Start of THE DATA

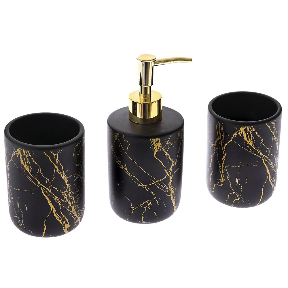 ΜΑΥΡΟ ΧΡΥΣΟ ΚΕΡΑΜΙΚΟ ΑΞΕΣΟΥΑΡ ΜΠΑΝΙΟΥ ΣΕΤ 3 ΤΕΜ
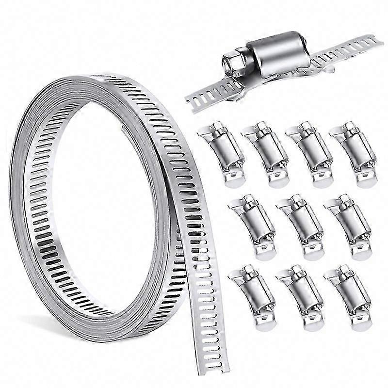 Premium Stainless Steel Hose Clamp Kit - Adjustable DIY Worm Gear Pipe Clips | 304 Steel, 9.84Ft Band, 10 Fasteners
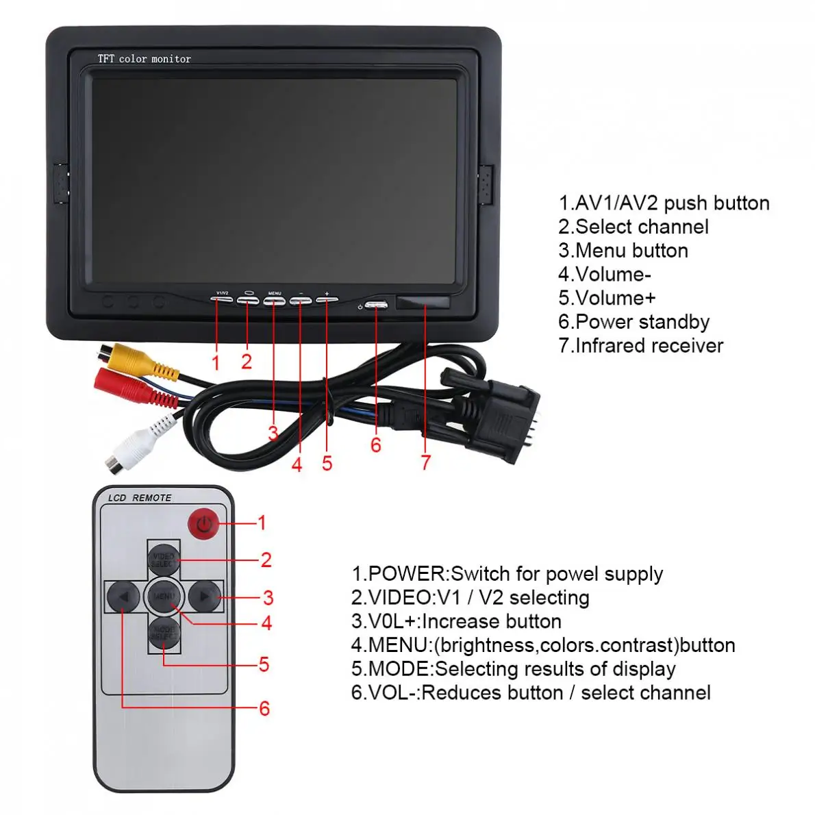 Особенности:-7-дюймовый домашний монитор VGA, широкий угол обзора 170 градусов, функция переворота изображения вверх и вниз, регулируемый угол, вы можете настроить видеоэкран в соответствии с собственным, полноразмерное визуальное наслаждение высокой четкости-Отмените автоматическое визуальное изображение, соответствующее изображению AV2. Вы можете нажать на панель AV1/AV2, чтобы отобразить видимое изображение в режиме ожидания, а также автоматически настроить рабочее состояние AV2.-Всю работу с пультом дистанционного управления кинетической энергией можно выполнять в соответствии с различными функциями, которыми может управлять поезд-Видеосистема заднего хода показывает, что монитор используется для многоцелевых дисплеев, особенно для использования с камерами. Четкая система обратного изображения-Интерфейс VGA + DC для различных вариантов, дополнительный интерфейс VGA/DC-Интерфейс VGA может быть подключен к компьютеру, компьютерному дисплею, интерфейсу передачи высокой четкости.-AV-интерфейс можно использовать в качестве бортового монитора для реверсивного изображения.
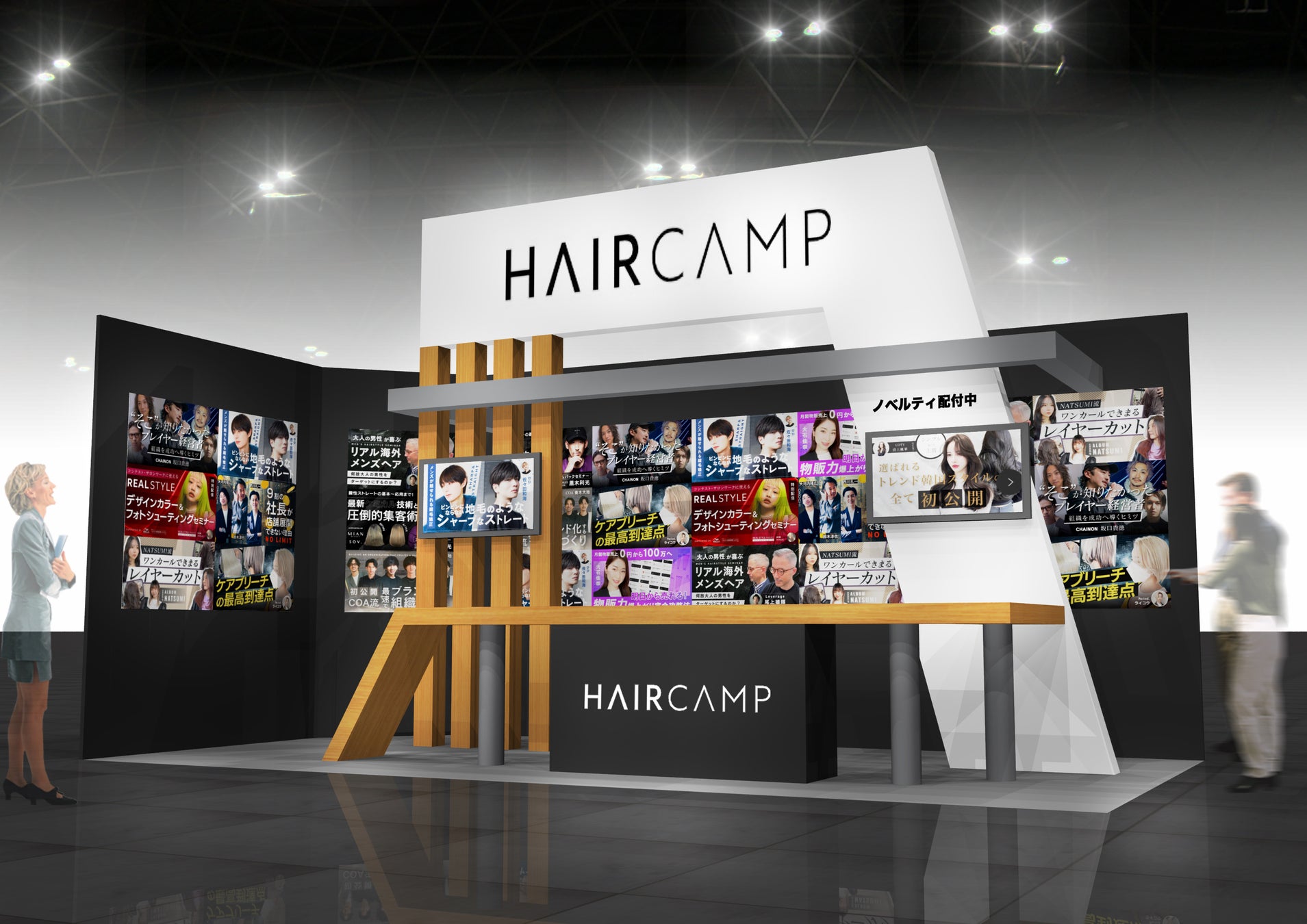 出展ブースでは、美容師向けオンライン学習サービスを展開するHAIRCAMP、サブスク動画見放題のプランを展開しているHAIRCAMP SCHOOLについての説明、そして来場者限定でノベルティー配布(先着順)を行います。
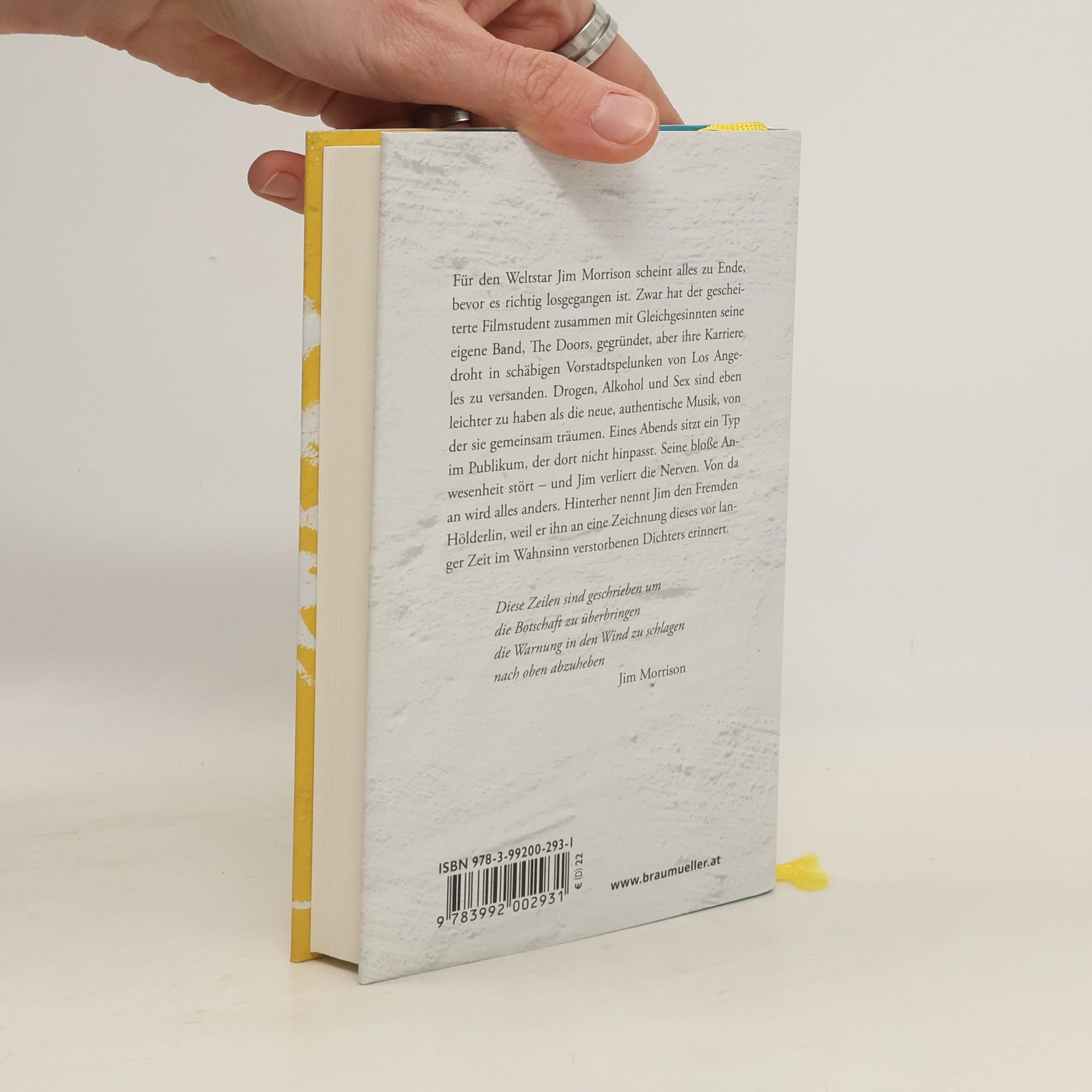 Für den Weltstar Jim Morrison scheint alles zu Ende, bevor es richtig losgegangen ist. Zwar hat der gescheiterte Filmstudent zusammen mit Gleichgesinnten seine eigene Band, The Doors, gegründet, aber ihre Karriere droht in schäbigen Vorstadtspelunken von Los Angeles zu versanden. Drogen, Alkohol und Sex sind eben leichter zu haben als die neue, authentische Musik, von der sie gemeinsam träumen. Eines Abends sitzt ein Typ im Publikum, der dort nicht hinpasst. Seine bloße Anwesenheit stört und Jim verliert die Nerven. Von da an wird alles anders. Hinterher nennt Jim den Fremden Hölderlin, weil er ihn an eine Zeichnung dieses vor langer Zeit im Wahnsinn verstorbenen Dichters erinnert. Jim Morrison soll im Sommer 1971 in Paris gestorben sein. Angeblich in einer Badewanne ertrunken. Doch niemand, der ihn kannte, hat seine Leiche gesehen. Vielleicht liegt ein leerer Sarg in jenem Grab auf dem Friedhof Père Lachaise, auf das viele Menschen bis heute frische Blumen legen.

End of THE DATA

Exactly the lines from the start of the entries above through the line with "出展ブースでは、美容師向けオ" should be reproduced, and nothing else; drop the pictures.

 ΜΑΥΡΟ ΧΡΥΣΟ ΚΕΡΑΜΙΚΟ ΑΞΕΣΟΥΑΡ ΜΠΑΝΙΟΥ ΣΕΤ 3 ΤΕΜ
 Premium Stainless Steel Hose Clamp Kit - Adjustable DIY Worm Gear Pipe Clips | 304 Steel, 9.84Ft Band, 10 Fasteners
 Особенности:-7-дюймовый домашний монитор VGA, широкий угол обзора 170 градусов, функция переворота изображения вверх и вниз, регулируемый угол, вы можете настроить видеоэкран в соответствии с собственным, полноразмерное визуальное наслаждение высокой четкости-Отмените автоматическое визуальное изображение, соответствующее изображению AV2. Вы можете нажать на панель AV1/AV2, чтобы отобразить видимое изображение в режиме ожидания, а также автоматически настроить рабочее состояние AV2.-Всю работу с пультом дистанционного управления кинетической энергией можно выполнять в соответствии с различными функциями, которыми может управлять поезд-Видеосистема заднего хода показывает, что монитор используется для многоцелевых дисплеев, особенно для использования с камерами. Четкая система обратного изображения-Интерфейс VGA + DC для различных вариантов, дополнительный интерфейс VGA/DC-Интерфейс VGA может быть подключен к компьютеру, компьютерному дисплею, интерфейсу передачи высокой четкости.-AV-интерфейс можно использовать в качестве бортового монитора для реверсивного изображения.
 出展ブースでは、美容師向けオンライン学習サービスを展開するHAIRCAMP、サブスク動画見放題のプランを展開しているHAIRCAMP SCHOOLについての説明、そして来場者限定でノベルティー配布(先着順)を行います。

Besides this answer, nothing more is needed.